_Available records_.
▼

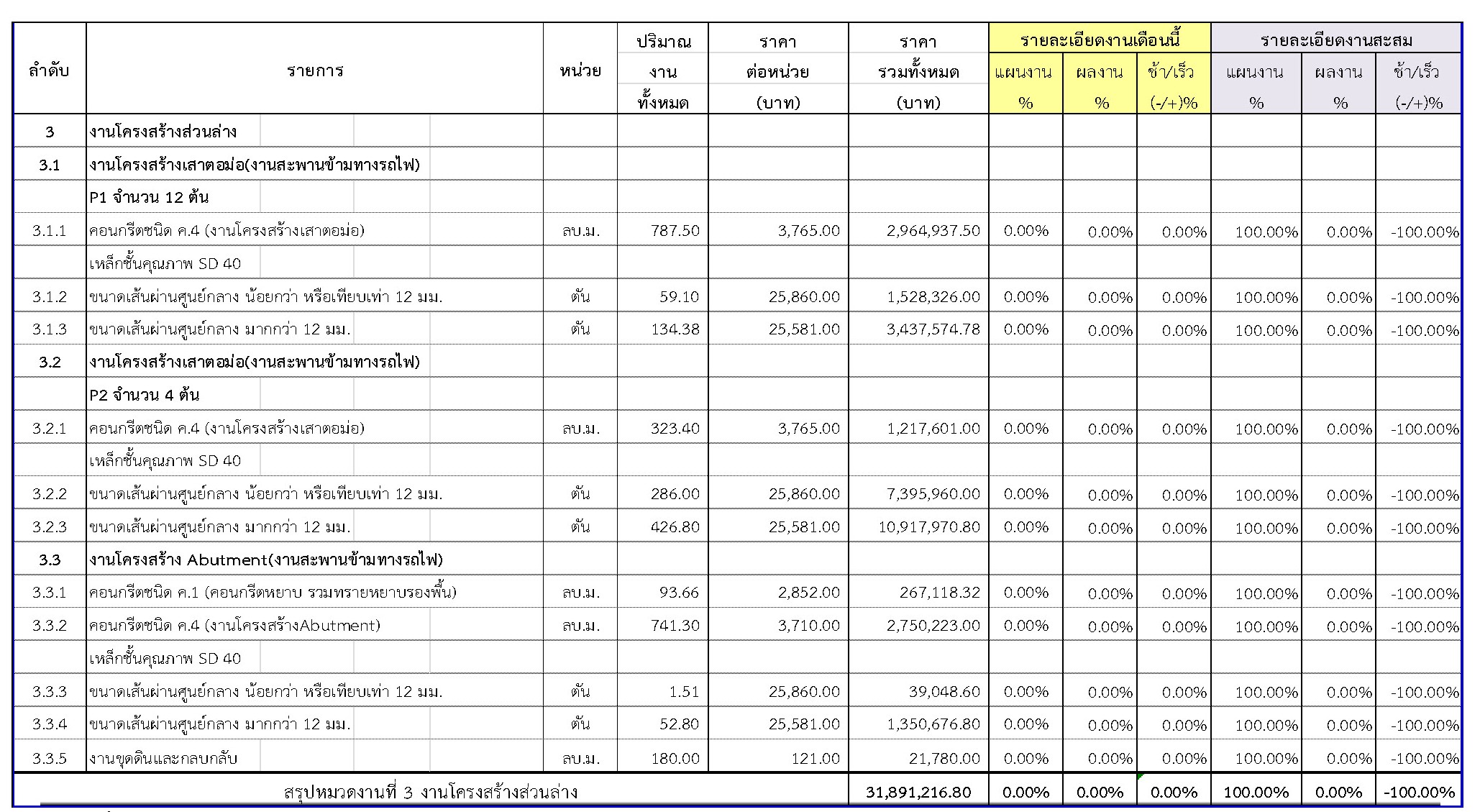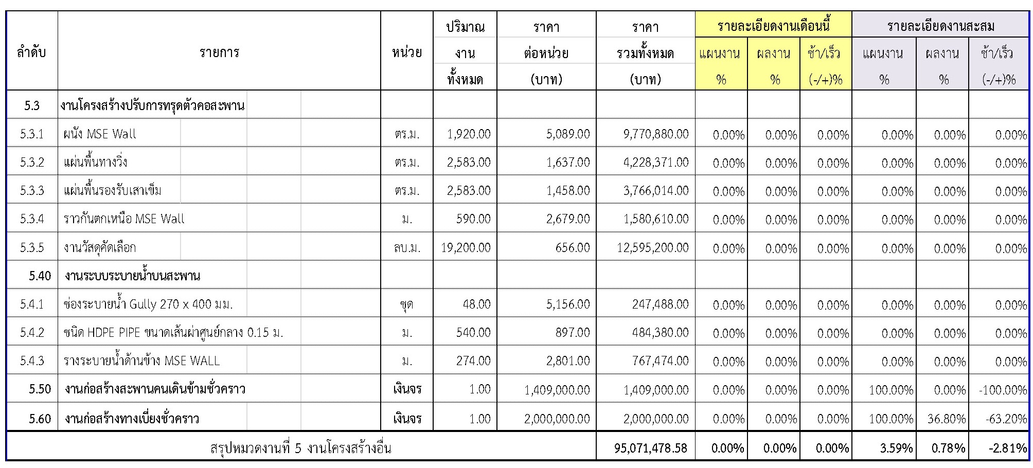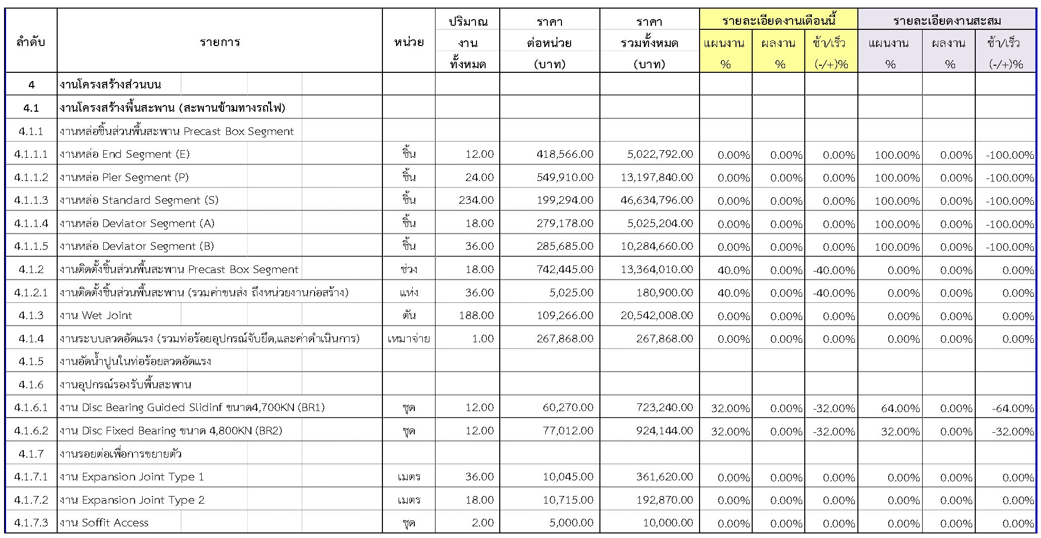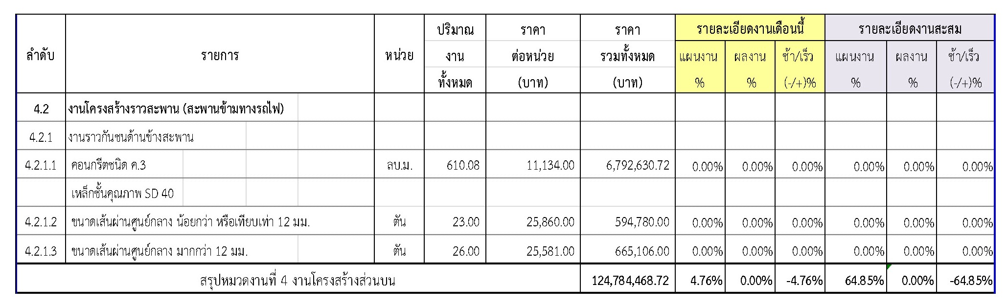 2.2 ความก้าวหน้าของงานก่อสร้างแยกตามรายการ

▲
▼

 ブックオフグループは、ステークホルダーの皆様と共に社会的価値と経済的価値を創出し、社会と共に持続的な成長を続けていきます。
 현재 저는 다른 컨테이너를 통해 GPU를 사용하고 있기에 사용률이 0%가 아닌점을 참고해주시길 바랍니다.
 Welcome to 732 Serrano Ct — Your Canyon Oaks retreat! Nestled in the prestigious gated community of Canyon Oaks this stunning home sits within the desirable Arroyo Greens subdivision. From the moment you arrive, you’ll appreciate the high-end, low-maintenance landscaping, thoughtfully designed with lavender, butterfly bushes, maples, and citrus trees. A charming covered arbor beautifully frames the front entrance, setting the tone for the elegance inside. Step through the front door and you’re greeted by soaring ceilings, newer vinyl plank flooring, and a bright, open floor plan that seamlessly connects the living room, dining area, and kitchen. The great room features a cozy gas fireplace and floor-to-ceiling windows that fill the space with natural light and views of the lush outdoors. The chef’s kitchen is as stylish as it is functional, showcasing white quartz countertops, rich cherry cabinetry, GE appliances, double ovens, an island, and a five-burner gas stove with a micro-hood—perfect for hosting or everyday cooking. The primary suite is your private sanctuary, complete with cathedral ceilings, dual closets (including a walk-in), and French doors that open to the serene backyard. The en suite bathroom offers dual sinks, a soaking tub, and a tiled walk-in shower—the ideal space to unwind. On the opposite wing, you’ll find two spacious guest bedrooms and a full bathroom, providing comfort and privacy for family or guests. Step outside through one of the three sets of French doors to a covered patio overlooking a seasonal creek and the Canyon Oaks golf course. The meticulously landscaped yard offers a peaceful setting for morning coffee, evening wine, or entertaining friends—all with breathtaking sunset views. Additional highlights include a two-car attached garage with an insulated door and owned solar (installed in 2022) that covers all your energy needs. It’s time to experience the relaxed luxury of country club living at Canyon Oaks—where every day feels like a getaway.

▲

Set down, unchanged, only those lines above that fall between the line with "ブックオフグループは、ステー" and the line with "Welcome to 732", the two end lines included.

 ブックオフグループは、ステークホルダーの皆様と共に社会的価値と経済的価値を創出し、社会と共に持続的な成長を続けていきます。
 현재 저는 다른 컨테이너를 통해 GPU를 사용하고 있기에 사용률이 0%가 아닌점을 참고해주시길 바랍니다.
 Welcome to 732 Serrano Ct — Your Canyon Oaks retreat! Nestled in the prestigious gated community of Canyon Oaks this stunning home sits within the desirable Arroyo Greens subdivision. From the moment you arrive, you’ll appreciate the high-end, low-maintenance landscaping, thoughtfully designed with lavender, butterfly bushes, maples, and citrus trees. A charming covered arbor beautifully frames the front entrance, setting the tone for the elegance inside. Step through the front door and you’re greeted by soaring ceilings, newer vinyl plank flooring, and a bright, open floor plan that seamlessly connects the living room, dining area, and kitchen. The great room features a cozy gas fireplace and floor-to-ceiling windows that fill the space with natural light and views of the lush outdoors. The chef’s kitchen is as stylish as it is functional, showcasing white quartz countertops, rich cherry cabinetry, GE appliances, double ovens, an island, and a five-burner gas stove with a micro-hood—perfect for hosting or everyday cooking. The primary suite is your private sanctuary, complete with cathedral ceilings, dual closets (including a walk-in), and French doors that open to the serene backyard. The en suite bathroom offers dual sinks, a soaking tub, and a tiled walk-in shower—the ideal space to unwind. On the opposite wing, you’ll find two spacious guest bedrooms and a full bathroom, providing comfort and privacy for family or guests. Step outside through one of the three sets of French doors to a covered patio overlooking a seasonal creek and the Canyon Oaks golf course. The meticulously landscaped yard offers a peaceful setting for morning coffee, evening wine, or entertaining friends—all with breathtaking sunset views. Additional highlights include a two-car attached garage with an insulated door and owned solar (installed in 2022) that covers all your energy needs. It’s time to experience the relaxed luxury of country club living at Canyon Oaks—where every day feels like a getaway.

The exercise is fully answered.